Hepatica and I packed with care, selecting the most expensive things we owned. Hepatica scrutinized the Skeptic's linen critically before she put it in. When we departed we were as correctly attired as time and thought could make us. When we arrived we were doubly glad that this was so, for the sight of the butler, admitting us, gave us much the same feeling of being badly dressed that Camellia's own presence had been wont to do.

Camellia herself was as exquisitely arrayed as ever, but she looked considerably older than I had expected. I wondered if constant engagements with her tailor and dressmaker, to say nothing of incessant interviews with those who see to the mechanism of formal entertaining, had not begun to wear upon her.
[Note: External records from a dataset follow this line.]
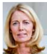
Chacun a son mot à dire dans toutes les décisions prises au sein de la clinique.

« L a Clinique Sankt Görän, du groupe Capio, est située en plein cœur de Stockholm et fait partie des plus grands établissements de la capitale suédoise. Elle dispose d'une capacité d'accueil de 310 lits, accueille 220 000 patients par an, dont 80 000 en urgence (unique service d'urgences privé en Suède). La clinique emploie 250 médecins, tous salariés de l'établissement, comme il est de règle en Suède. Les décisions sont prises de façon col-
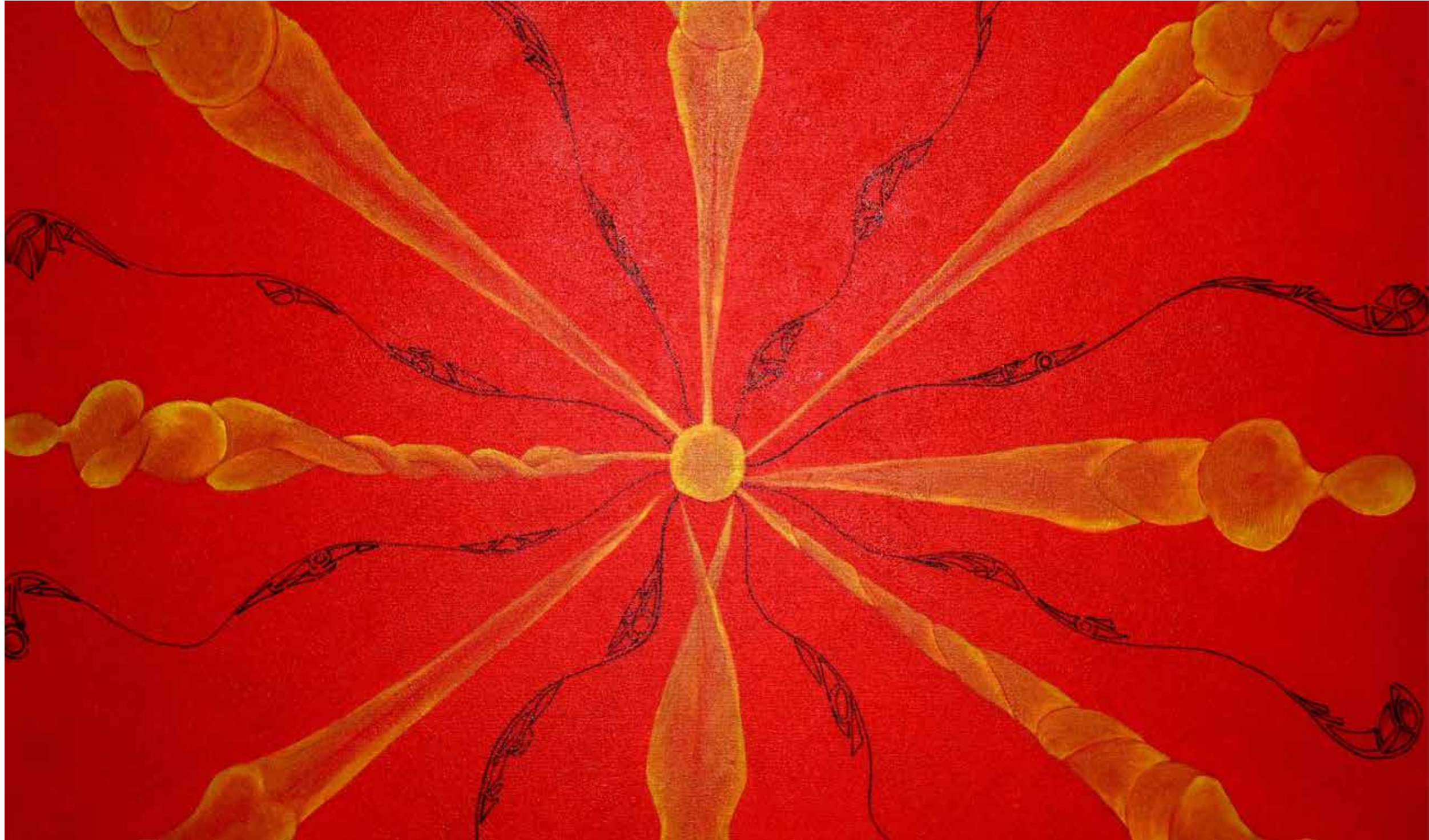
Kadının Bin Bir Hali, 2012, tuval üzeri akrilik, 81×100cm
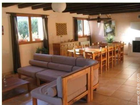
Disposición interior privado
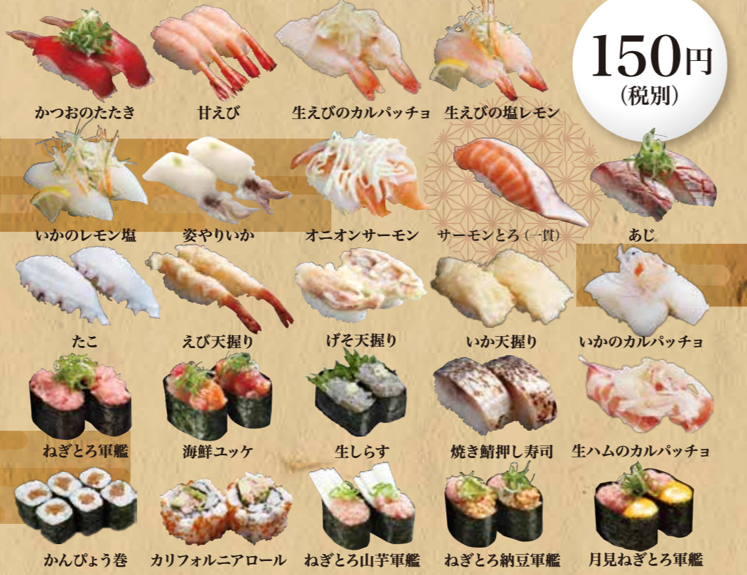
かつおのたたき、甘えび、生えびのカルパッチョ、生えびの塩レモン、 いかのレモン塩、姿やりいか、オニオンサーモン、サーモンとろ(一貫)、あじ、 たこ、えび天握り、げそ天握り、いか天握り、いかのカルパッチョ、 ねぎとろ軍艦、海鮮ユッケ、生しらす、焼き鯖押し寿司、生ハムのカルパッチョ、 かんぴょう巻、カリフォルニアロール、ねぎとろ山芋軍艦、ねぎとろ納豆軍艦、月見ねぎとろ軍艦
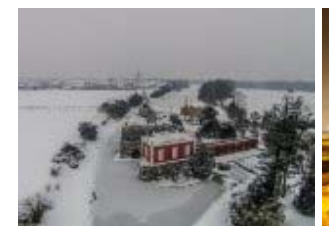
Winter im Gartenreich
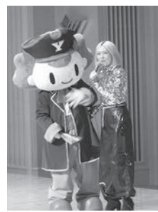
Eyes'さんとコルスくん

2日目の市内視察では3コースに分かれて構成組織の会社や工場を視察していただいた。コース作成にあたっては、政令市における勤労者の職
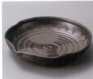
44004-081 炭化土瓢型尺盛鉢 9,300円 (32.4×31×7cm)

But she was very cordial with us, and her husband, the Judge, was equally so. He was considerably her senior—quite as much so, I decided, as the Professor was Dahlia's—but on account of Camellia's woman-of-the-world air the contrast was not so pronounced.

We sat through an elaborate dinner, during which I suffered more or less strain of anxiety concerning my forks. But the Judge, at whose right hand I sat, diverted me so successfully by means of his own most interesting personality and delightful powers of conversation, that in time I forgot both forks and butler, and was only conscious of the length of the dinner by the sense, toward its close, of having had more to eat than I wanted.